# You gotta see this



## LostLouisianian (Oct 11, 2010)

Watch the video....ultimate waterfowl rig
http://www.gibbsamphibians.com/platform/terraquad/#


----------



## swbuckmaster (Sep 14, 2007)

Looks like it's all fun and games until you high center it on a rock in normal off road driving conditions and crack the hull

Sent from my SM-G900V using Tapatalk


----------



## BG1 (Feb 15, 2013)

Not bad other than it's 2 wheel drive.


----------



## BG1 (Feb 15, 2013)

And also notice they didn't dare tell the price. Probably 25K.


----------



## Kwalk3 (Jun 21, 2012)

A quick google search says $40k. That's a lot of cash. You can score a couple UTVs and a nice duck boat for less.


----------



## DallanC (Jan 13, 2009)

If I hunted ducks... I'd probably want something like ole' Megatron. Even the hunting sucked it would still be a hell of alot of fun...

skip to 30sec mark





-DallanC


----------



## swbuckmaster (Sep 14, 2007)

DallanC said:


> If I hunted ducks... I'd probably want something like ole' Megatron. Even the hunting sucked it would still be a hell of alot of fun...
> 
> skip to 30sec mark
> 
> ...


Not only would it be fun but it would help out with the destruction of frag.

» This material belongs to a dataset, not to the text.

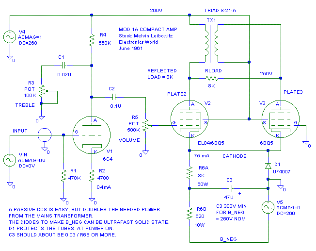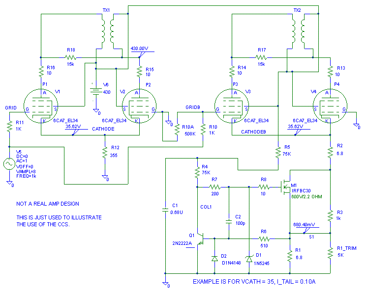 This technically isn't a true CCS, but it can work about as good as a solid state CCS on a long tail pair. Instead of running R6 to ground to bias the tubes, we run it to a voltage equal to the negative of B+. This "Passive CCS" means the HV winding of the mains transformer has to put out twice the current and you'll need a duplicate of the positive B+ capacitor bank to generate B_NEG. C3 and R6B provide the extra filtering we'll need to make the passive CCS quiet.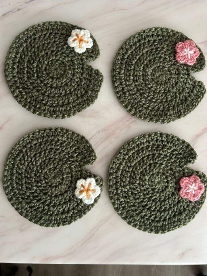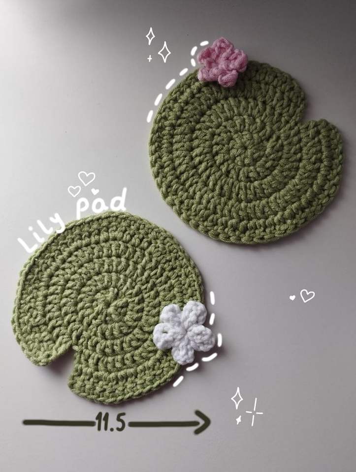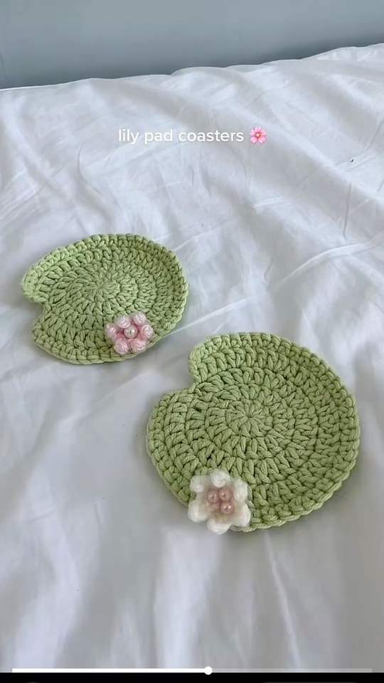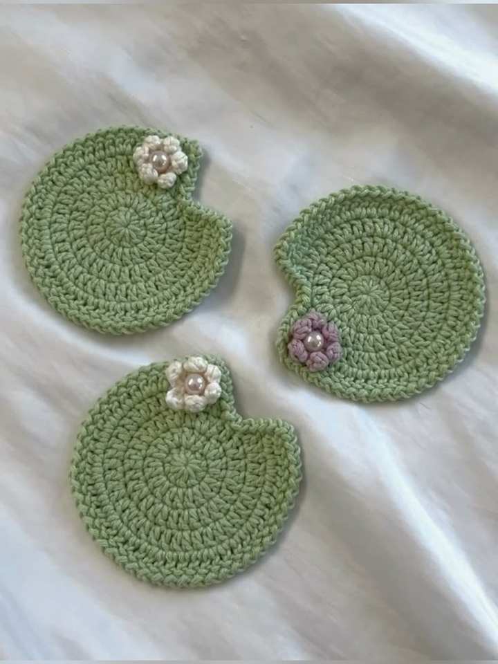 แผ่นรองแก้วถักโครเชต์รูปใบบัวบก งานแฮนด์เมดสุดพิเศษ สีเขียวมุก ทนทาน ทำจากผ้าฝ้าย ป้องกันความร้อน ใช้ตกแต่งโต๊ะในครัว

Sent from my SM-G900V using Tapatalk


----------



## DallanC (Jan 13, 2009)

swbuckmaster said:


> Not only would it be fun but it would help out with the destruction of frag.
> 
> Sent from my SM-G900V using Tapatalk


Yup Yup. That marsh isnt so deep that truck couldnt go about anywhere in it. Pretty remarkable project, it has a Dodge Viper V12 in it.

-DallanC


----------



## LostLouisianian (Oct 11, 2010)

I want this one


----------



## swbuckmaster (Sep 14, 2007)

That one is awesome!

Sent from my SM-G900V using Tapatalk


----------